Oczywiście przy wtórze werbalnych serii z kałacha w kierunku służby zdrowia.
Teraz czytam- też tam- komentarze dotyczące twojej koszulkowej akcji i wciąż nie mogę wyjść z zadumy nad zbydlęceniem tych, którzy cię do niedawna wielbili.
I wiem.
Tu nie chodzi o pozytyw, o stworzenie czegoś, co miałoby szanse wypalić.
Chodzi o totalną negację. Sztuka dla sztuki. Kolejny raz okazało się, że są ludzie, którzy czekają na okazję, by skoczyć do gardła. Teraz padło na ciebie.
Nie przejmuj się.
Co cię nie zabije, to wzmocni. Niby banał, ale sprawdza się.
Popatrz, lekko zdziw się i idź dalej. Do przodu.
Oni zostaną.
Stay core, Para!!!
komentarze
Jak bruk
Twardy jak bruk…
Parakalein -- 23.03.2008 - 12:23Parakalein
mad, a pamiętasz?
To samo było jak powstawało TXT, taki sam sposób komentowania, tyż obelgi, też insynuacje, też nieprawdy, tez sugerowanie niecnych intencji, wyśmiewanie się.
I co zabawniejsze, powtarzają się ci sami komentatorzy.
Oj, boli frustratów, że ktoś coś robi, bo nawet nie że odnosi sukces, bo sukceseu pewnie w sprawie TYbetu nie będzie.
P[zdr
grześ -- 23.03.2008 - 20:14Grzesiu
Sukces srukces.
Jacek Jarecki -- 23.03.2008 - 20:32Tu też nie ma, jeśli brać komercyjnie, a jest jak człowiek luknie na salon.
Ludzie mówią, że będziemy ponoć mieć jakieś radio czy coś podobnego.
Pomarudzimy sobie, a co…
JJ,
dla mnie sukces tu jest, bo spędzam więcej czasu na TXT, więcej piszę, więcej komentuję i więcej ciekawego znajduję niż w S24.
A komercyjnie, no to się na tym nie znam.
No, ale mimo wszystko Tybet sprawa bardziej skomplikowamna, choc własnie znajomym wysyłam linki do podpisania apelu:
http://www.tybet2008.pl/
trza coś robić, choć łatwiej nic nie robić w sumie.
grześ -- 23.03.2008 - 21:02Grzesiu
Podpisałem się i jestem na 2001 miejscu!
Występuję tam jako – Jacek Jarecki, zawód: artysta ogólny :) z Goliny
Pozdrawiam
Jacek Jarecki -- 23.03.2008 - 21:10Grzesiu
I ja tam jestem już podpisana.

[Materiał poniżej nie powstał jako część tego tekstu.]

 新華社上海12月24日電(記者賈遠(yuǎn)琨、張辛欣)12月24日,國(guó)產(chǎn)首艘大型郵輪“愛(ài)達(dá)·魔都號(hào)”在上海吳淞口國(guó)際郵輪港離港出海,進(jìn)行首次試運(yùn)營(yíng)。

I rozesłałam linka do znajomych. Dzięki.
Magia -- 23.03.2008 - 21:25grzesiu
Ano właśnie.
Z tym, że nie pojmuję, jak to towarzystwo ściąć z nóg.

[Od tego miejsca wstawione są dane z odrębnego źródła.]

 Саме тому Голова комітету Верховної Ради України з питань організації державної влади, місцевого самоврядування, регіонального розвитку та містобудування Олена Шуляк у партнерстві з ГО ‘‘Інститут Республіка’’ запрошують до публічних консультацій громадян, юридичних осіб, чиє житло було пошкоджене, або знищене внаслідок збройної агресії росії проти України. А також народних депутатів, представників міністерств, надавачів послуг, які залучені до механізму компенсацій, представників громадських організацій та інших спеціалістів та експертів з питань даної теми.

Powiem ci, że najchętniej przywaliłby bejsbolem po kolanach.
Ale czy warto?
Z drugiej strony odpuścić to dać przyzwolenie.
Dobrze, że choć tutaj jest strażnik:-)
Human Bazooka
Mad Dog -- 23.03.2008 - 21:49grześ, Magia, Jacek
za chwile pojawi się jakis wpis pt. “Tylko lewacy podpisują się pod petycją w sprawie Tybetu…i monarchiści”
:)
p.s jak komuś nie złozyłem życzeń to proszę, składam z serca najlepsze!
Prezes , Traktor, Redaktor
max -- 23.03.2008 - 21:49Max, nie znasz się,
lewaccy monarchiści:)
grześ -- 23.03.2008 - 21:53Maksie
Gdybym się przejmowała bełkotem idiotów, to już dawno winnam się obwiesić. :)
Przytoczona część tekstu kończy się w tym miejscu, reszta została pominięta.